Compute friction force for ALag method Given tangent maps Ht, Gt and displacement increment, compute the friction force vector. Handles both stick and slip states.

Slip criterion uses 2D local norm: ||fric||_g = sqrt(fric^T * inv(metric) * fric) This ensures consistency between force calculation and stiffness matrix.

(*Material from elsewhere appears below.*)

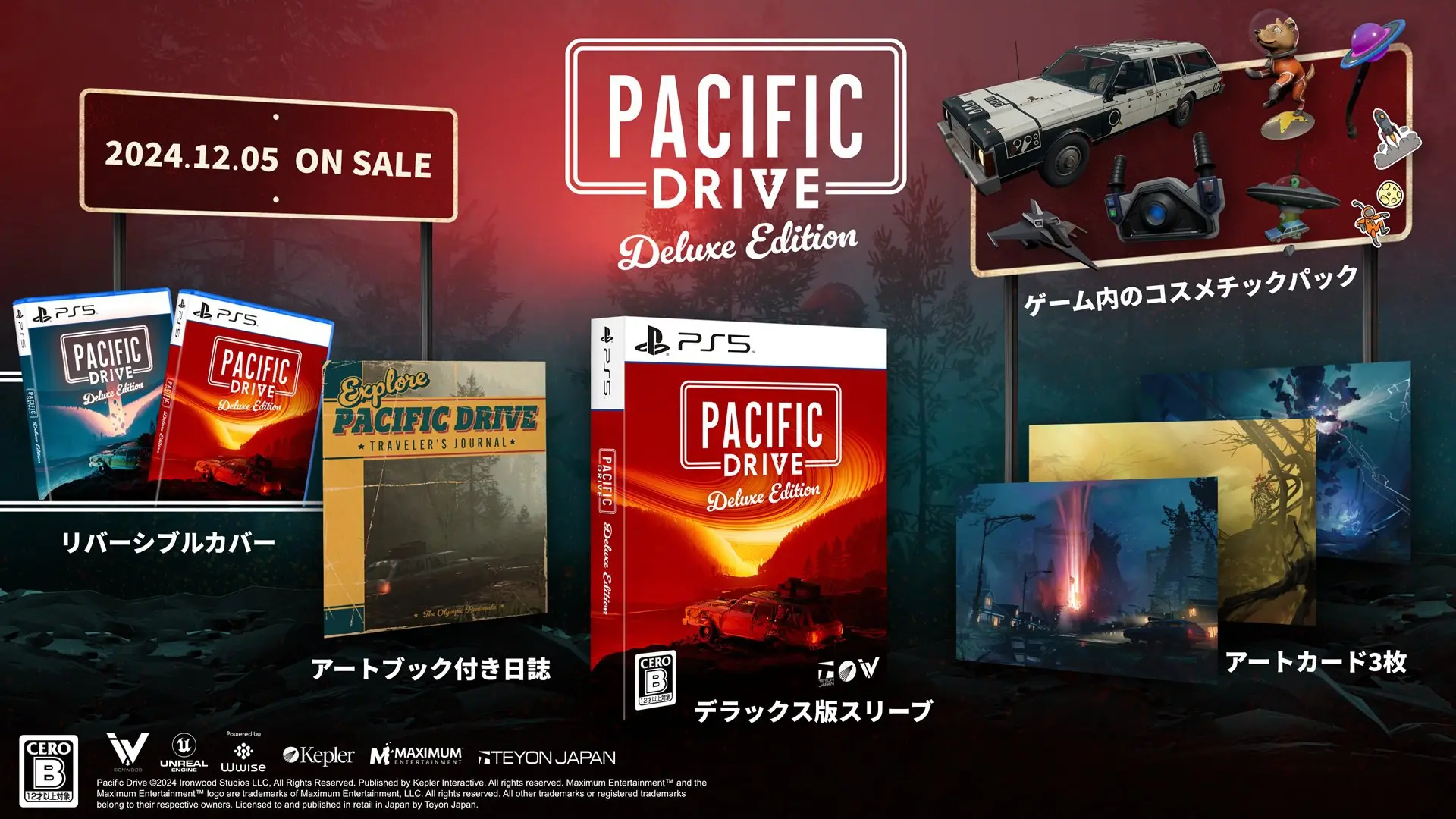 ※ Pacific Drive ©2024 Ironwood Studios LLC, All Rights Reserved. Published by Kepler Interactive. All rights reserved. Maximum Entertainment™ and the Maximum Entertainment™ logo are trademarks of Maximum Entertainment, LLC. All rights reserved. All other trademarks or registered trademarks belong to their respective owners. Licensed to and published in retail in Japan by Teyon Japan.

Input: ctState: contact state (contains multiplier(2:3) for tangent Lagrange multiplier) fcoeff: friction coefficient lambda_n: normal Lagrange multiplier (for slip scaling) metric: metric tensor (2x2) for 2D local tangent space Ht: tangent displacement map (2 x edof) Gt: covariant displacement map (2 x edof) edisp: displacement increment vector (edof) edof: element DOF size update_multiplier: (optional) if true, update ctStatemultiplier(2:3) and check state change slave_id: (optional) slave node ID for debug print

Output: ctTForce: friction force vector (edof) ctState: (if update_multiplier=true) updated multiplier(2:3) and state ctchanged: (optional) flag indicating if contact state changed norm_trial: (optional) norm of fric_trial in metric space alpha: (optional) projection ratio = min(1, r/norm_trial), r=fcoeff*lambda_n that: (optional) normalized direction = fric_trial/norm_trial (2D)

Parameters

[in,out]	ctstate	contact state (inout for multiplier update)
[in]	fcoeff	friction coefficient
[in]	lambda_n	normal Lagrange multiplier
[in]	metric	metric tensor (2x2)
[in]	ht	tangent displacement map (2, edof)
[in]	gt	covariant displacement map (2, edof)
[in]	edisp	displacement increment
[in]	edof	element DOF size
[out]	cttforce	friction force vector
[in]	mut	tangential penalty parameter
[in]	update_multiplier	if true, update multiplier and check state
[in]	slave_id	slave node ID for debug print
[in,out]	ctchanged	flag for state change
[out]	norm_trial	norm of fric_trial (for stiffness)
[out]	alpha	projection ratio (for stiffness)
[out]	that	normalized direction (for stiffness)
[out]	jump_ratio	stick trial / slip limit force ratio

Definition at line 175 of file fstr_contact_elem_common.f90.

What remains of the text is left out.